Подождав, когда моя работа подсохнет, я положил на рисунок клочок газеты, на котором отсутствовал текст, то есть нижние довольно широкие поля, прижал один лист к другому и аккуратно намочил верхний, газетный, клочок необильной слюной. Выждав некоторое время, пока слюна подсохнет, я перенёс газетный клочок на приготовленную мной фальшивую контрамарку, опять тем же способом слегка намочил его и прижал ладонью. Подержав несколько секунд рукотворную гербовую печать прижатой к самодельному документу, я осторожно оголил его поверхность и с замиранием сердца придирчиво оглядел результат моего преступного труда. Контрамарка ничем не отличалась от настоящей.

Вечером я был в театре. До третьего звонка я скрывался за колонной и наблюдал за родителями, переходя по окружности так, чтобы колонна скрывала меня от родительского взора.
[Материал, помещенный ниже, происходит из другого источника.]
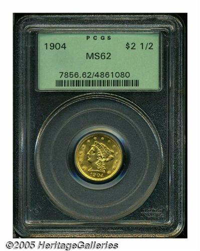 <B>1904<$2 1/2> MS62 PCGS.</B></I> An intricately struck and fully lustrous type coin. Luminous honey color and clean surfaces ensure the eye appeal. Faint repunching is noted on the base of the 1 in the date.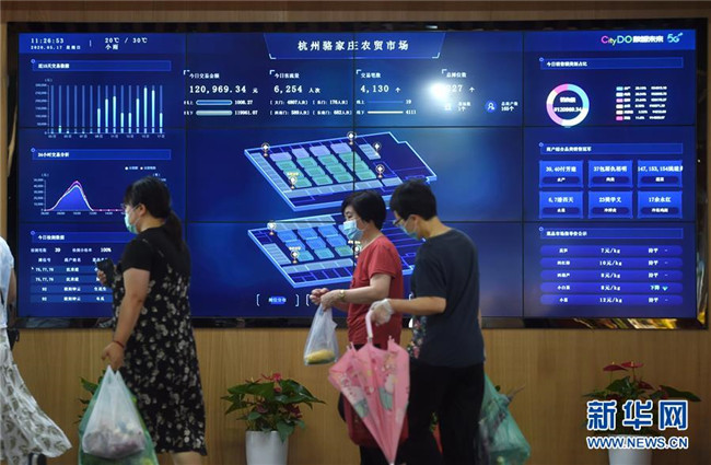 浙江省杭州市的5G農貿市場——駱家莊農貿市場的大屏幕上實時顯示交易、客流等相關情況(5月17日攝)。新華社記者 韓傳號 攝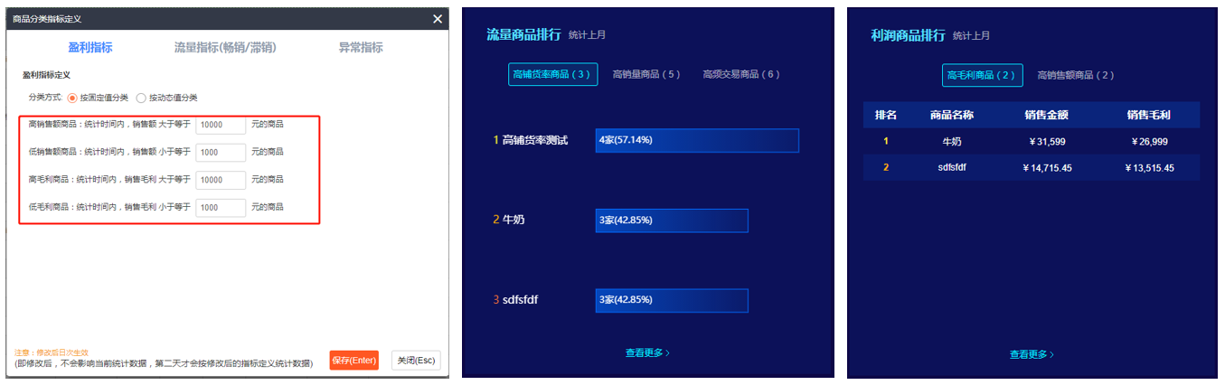 第二,利润、流量商品统计。通过系统首先定义利润、流量商品指标,按标准自动统计滞销商品和畅销商品,然后将这两类商品组合套餐,进行搭配销售,通过商品分析表快速定位滞销商品,分析滞销原型,并及时采取促销等手段出货。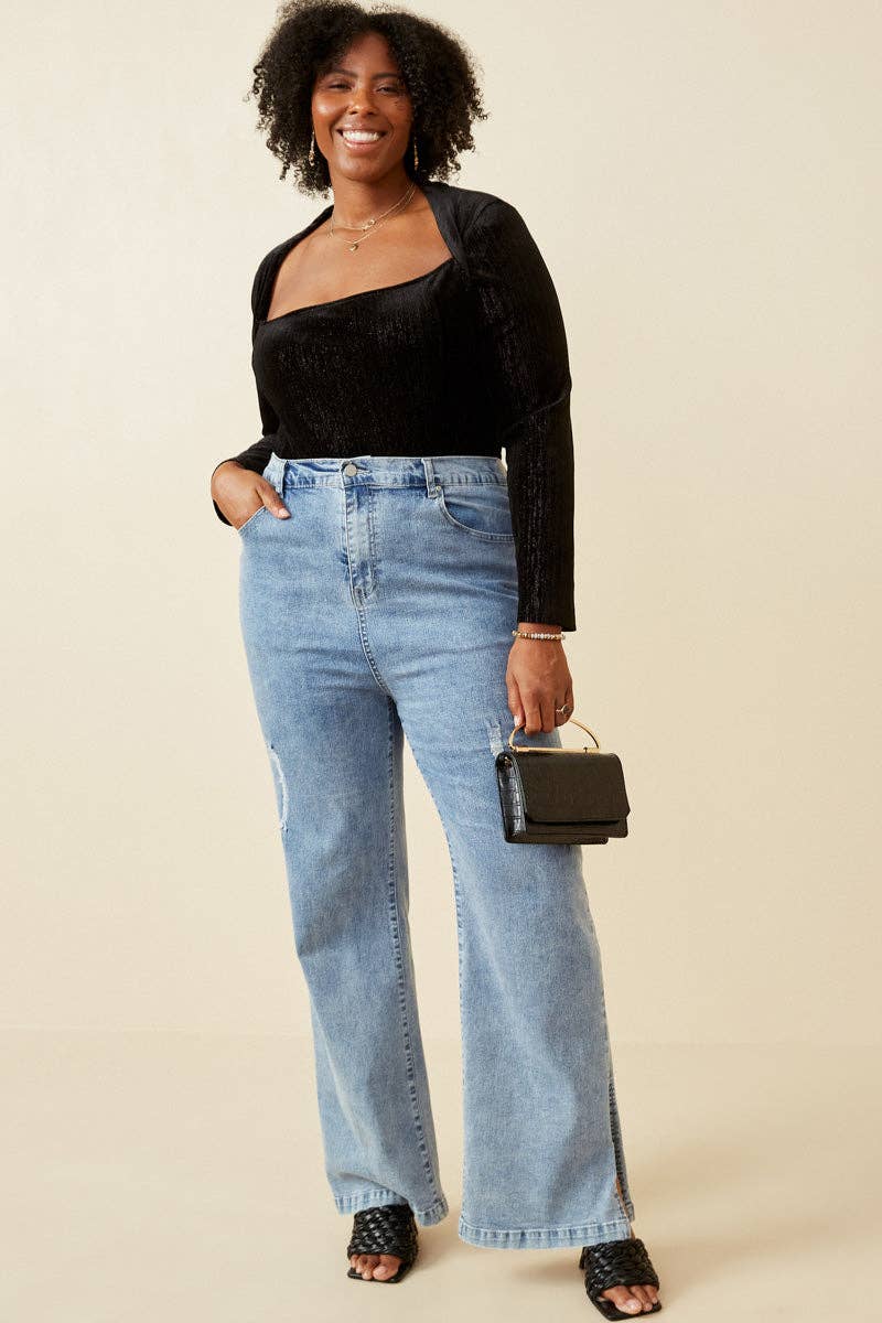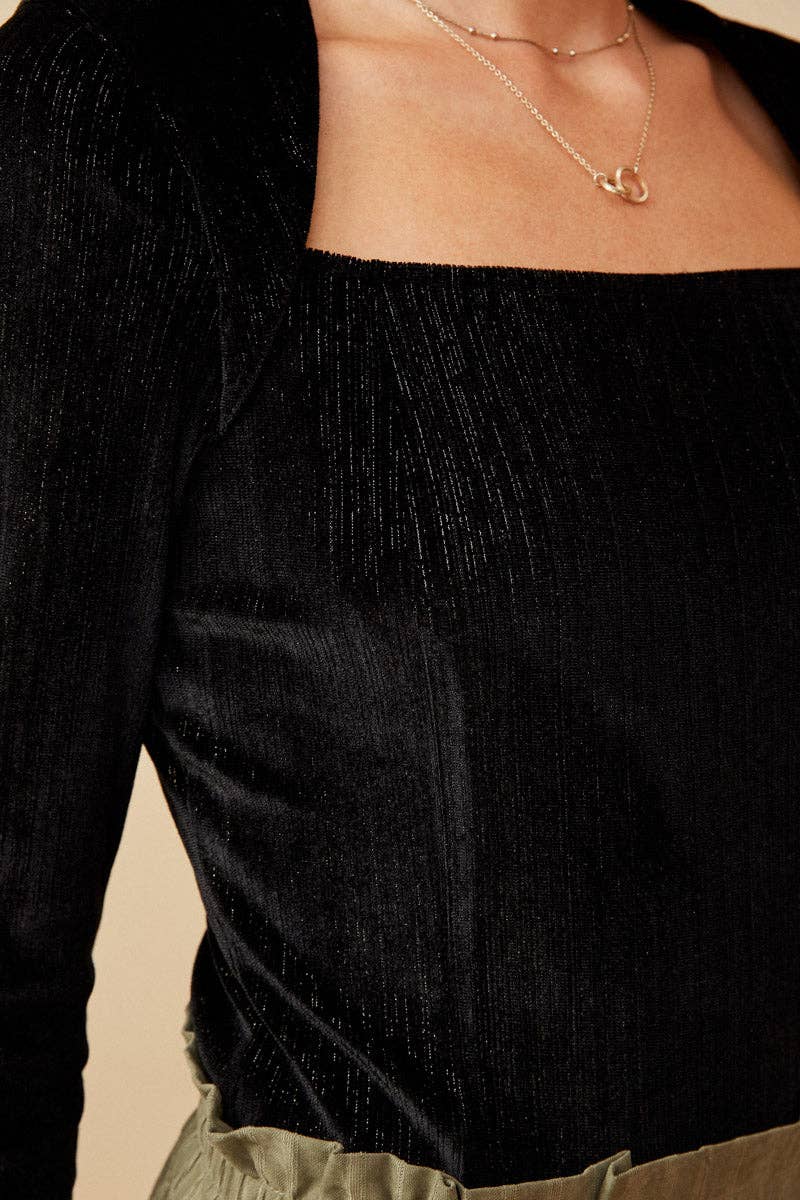 Lurex Square Neck Long Sleeve Bodysuit Features: * Velvet Knit Fabric * Square Cut Neckline * Long Sleeve Measurements: Size Length Chest Small 29" 14.63" Medium 29.63" 15.63" Large 30.25" 16.63" 1XL 32.25" 20.63" 2XL 33.13" 22.63" 3XL 34" 24.63" The measurements in the chart above reflect the garment laying flat. For body measurements please visit our Size Guide. Model Stats: * Height: 5'9.5" * Bust: 33" * Waist: 25" * Hip: 35" * Wearing Size: S * Plus Model Height: 5'10" * Plus Model Bust: 40" * Plus Model Waist: 32" * Plus Model Hip: 43" * Plus Model Wearing Size: 1XL Material & Care: * 95% Polyester 5% Spandex * Hand Wash Cold * Hang Dry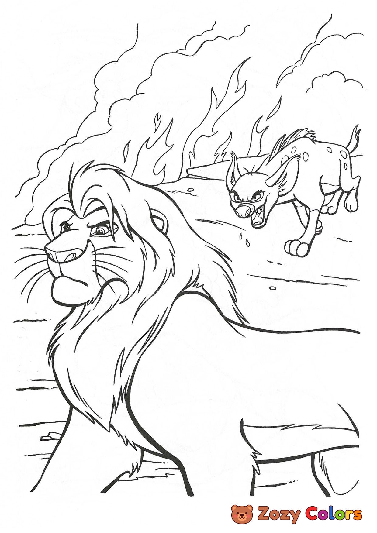 Simba returning to save his land. Coloring page to print or download and color for your kids.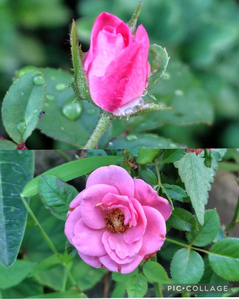 ②ピンクのミニバラとラッシュ

Потом я проскользнул в зал и сел на свободное место.

Давали "Овода". Синьор Феличе Риварес прихрамывал, заикался, щека его, перечёркнутая кровавым рубцом, нервно подёргивалась, особенно когда пламенный революционер волновался в присутствии синьоры Боллы – всё в спектакле соответствовало книге писательницы Этель Лилиан Войнич.

Потом расстрельщики долго не могли исполнить приговор, и синьору Риваресу пришлось взять на себя командование казнью, он подбадривал жалостливых карабинеров, даже произнёс фразу, повторённую впоследствии, во время Великой Отечественной войны, товарищем Сталиным:

– Наше дело правое, победа будет за нами!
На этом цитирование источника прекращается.